Il a fallu encore plusieurs années à l'équipe italienne pour convertir son étude en laboratoire en succès chez un animal. Lors de la réunion de génomique, le postdoc Martino Cappelluti du laboratoire de Lombardo a expliqué comment l'équipe a injecté à des souris des particules de graisse portant des ARNm codant pour des éditeurs d'épigénome conçus pour faire taire un gène vivant, PCSK9, qui influence le taux de cholestérol. La stratégie a fonctionné, avec une injection supprimant les taux sanguins de la protéine PCSK9 de 50% et réduisant les lipoprotéines de basse densité, ou «mauvais», cholestérol pendant au moins 180 jours.

"Je vois cela comme une formidable avancée", déclare Urnov, qui espère que l'approche des nanoparticules lipidiques sera bientôt étendue à d'autres gènes pathologiques. "L'essentiel ici est que vous n'avez pas besoin d'avoir une expression continue de l'éditeur d'épigénome", explique Jonathan Weissman du Whitehead Institute. Weissman a codirigé des travaux publiés l'année dernière dans Cell sur des éditeurs d'épigénome améliorés basés sur CRISPR qui apportent des changements durables.

Les chercheurs disent que l'édition de l'épigénome pourrait être particulièrement utile pour contrôler plus d'un gène, ce qui est plus difficile à faire en toute sécurité avec l'édition de l'ADN. Cela pourrait traiter des maladies comme le syndrome de Dravet où une personne fabrique une partie d'une protéine nécessaire mais pas assez, car comme un dimmer de lumière, la stratégie peut moduler l'expression des gènes sans l'activer ou la désactiver complètement. Plusieurs nouvelles entreprises espèrent commercialiser des traitements utilisant des éditeurs d'épigénomes. (Gersbach et Urnov en ont fondé une, Tune Therapeutics ; Lombardo, Naldini et Weissman sont parmi les fondateurs d'une autre, Chroma Medicine.)
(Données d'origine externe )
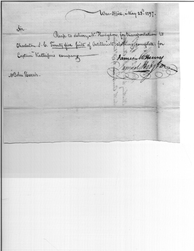- In source: Collection: Correspondence, Reports, Returns, Bills, Accounts Current' Statements, Receipts, Vouchers and Contracts of Philadelphia Supply Agencies (Coxe and Irvine Papers), 1794-1842. (RG92)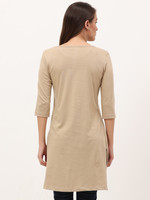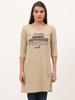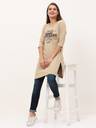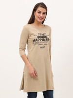 Crafted with a longline design, this T-shirt seamlessly merges fashion with everyday wear. The regular three-quarter sleeves and classic neck design strike an ideal balance between casual and chic, making it a must-have for various occasions. This way, you can elevate your style effortlessly, enjoying a trendy and contemporary vibe on any outing.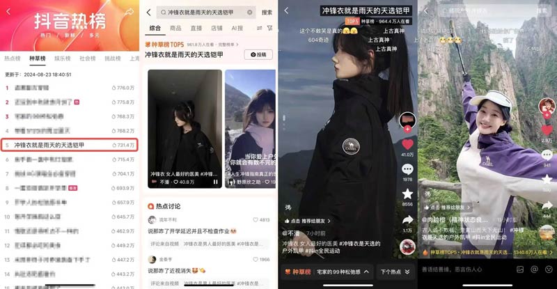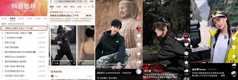 在抖音上,#沖鋒衣太好看所以愛上了戶外、#讓人期待秋天的山系穿搭、#分享我的AI人生沖鋒指南等關(guān)于沖鋒衣的話題持續(xù)發(fā)酵,多個(gè)熱點(diǎn)上榜。其中,#沖鋒衣太好看所以愛上了戶外 話題登上種草榜TOP 1,話題曝光超過2億,引發(fā)用戶主動(dòng)搜索超800萬次,讓沖鋒衣成為這個(gè)時(shí)節(jié)最具焦點(diǎn)的品類。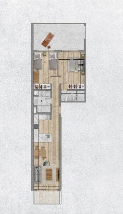 Se desarrolla en 4 niveles con un diseño moderno y funcional. En planta baja se ubican las cocheras, mientras que los niveles 1, 2 y 3 se encontrarán las unidades de 1 y 2 dormitorios, completando un total de 24 unidades. En la azotea, los residentes podrán disfrutar de un espectacular rooftop con parrillero y solárium.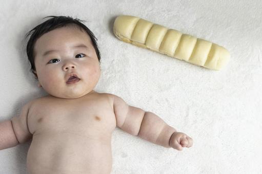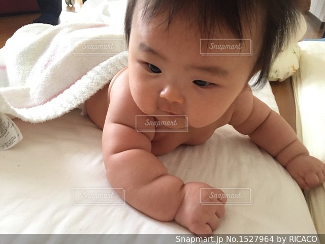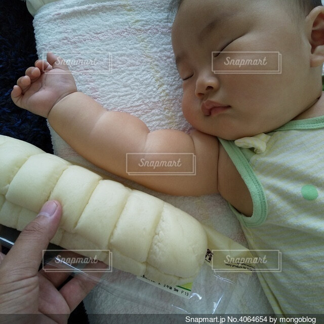 パンにそっくりな腕のムチムチした赤ちゃんの写真・画像素材-Snapmart スナップマート。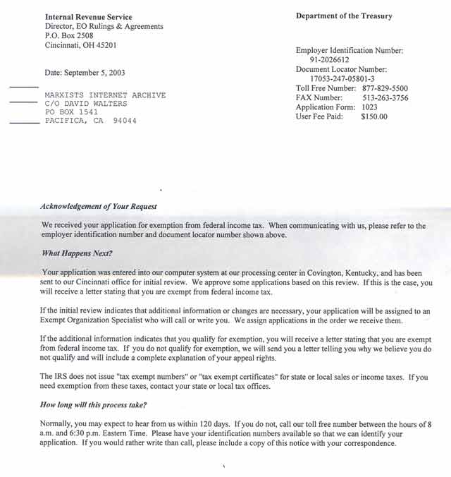 I.R.S. Letter, October 2003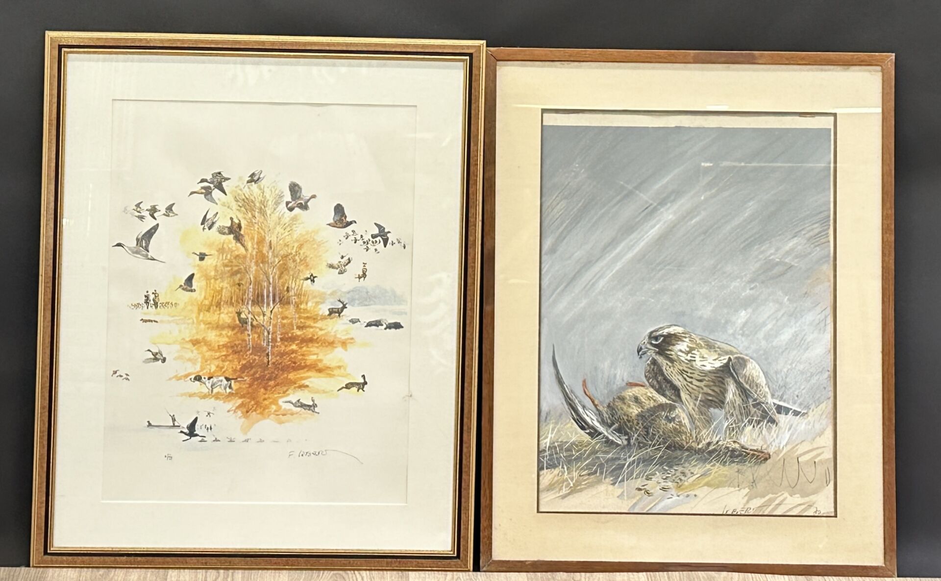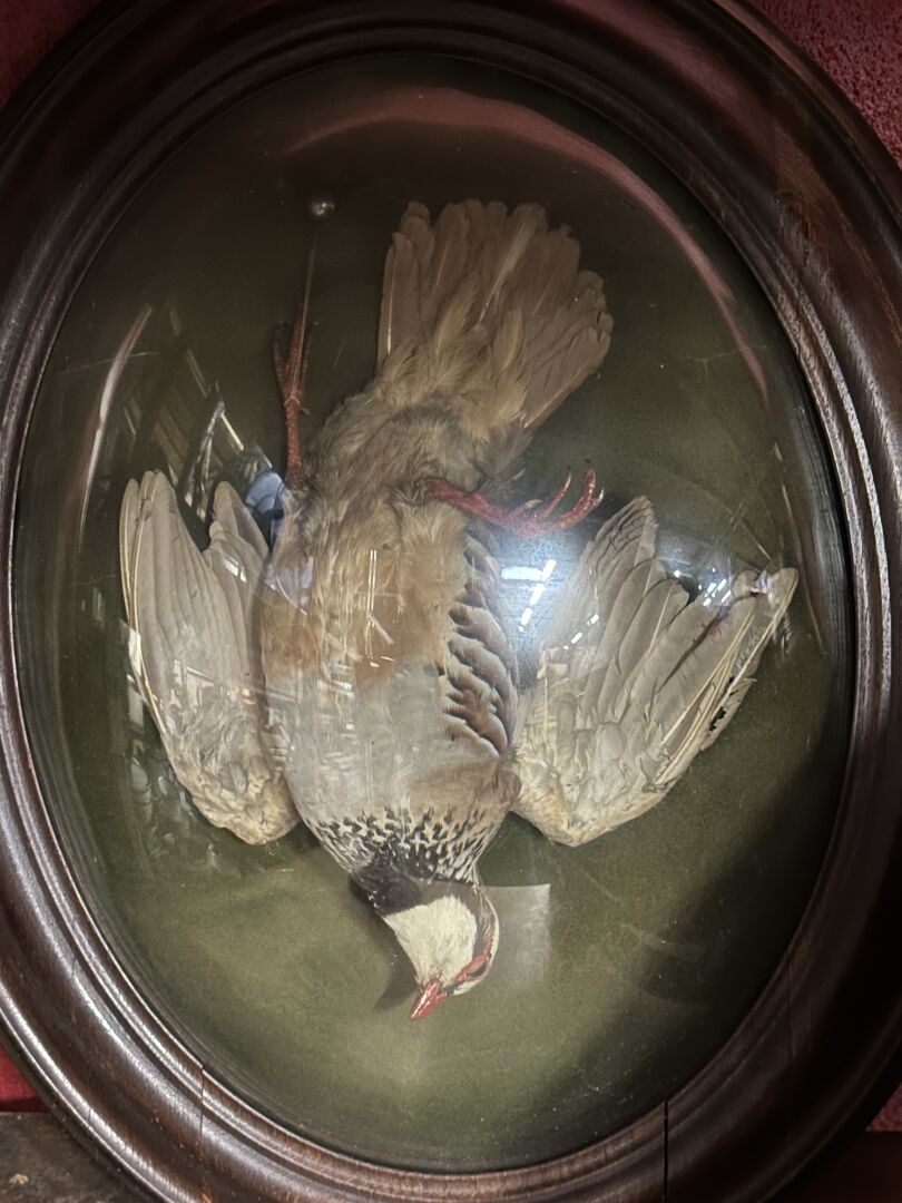 Trophée de perdrix suspendu dans un cadre en bois ovale et verre bombé (verre fendu).

Malgré l'excitation, les chercheurs préviennent qu'il faudra du temps pour que l'édition de l'épigénome ait un large impact. Les éditeurs ne fonctionnent pas toujours comme annoncé sur certains gènes, explique David Segal, chercheur en épigénétique à l'UC Davis. C'est peut-être en partie parce que, comme s’en inquiète le chercheur en épigénétique John Stamatoyannopoulos de l'Université de Washington, Seattle, les chercheurs ne comprennent pas exactement ce que font les éditeurs une fois qu'ils infiltrent les cellules. "C'est une boîte noire", dit-il.

Pourtant, Stamatoyannopoulos convient que l'édition de l'épigénome est "une formidable promesse". Désormais, les chercheurs doivent affiner leurs éditeurs d'épigénomes, les essayer sur d'autres gènes et tissus pathologiques et les tester sur des animaux plus gros pour des raisons de sécurité avant de passer aux humains.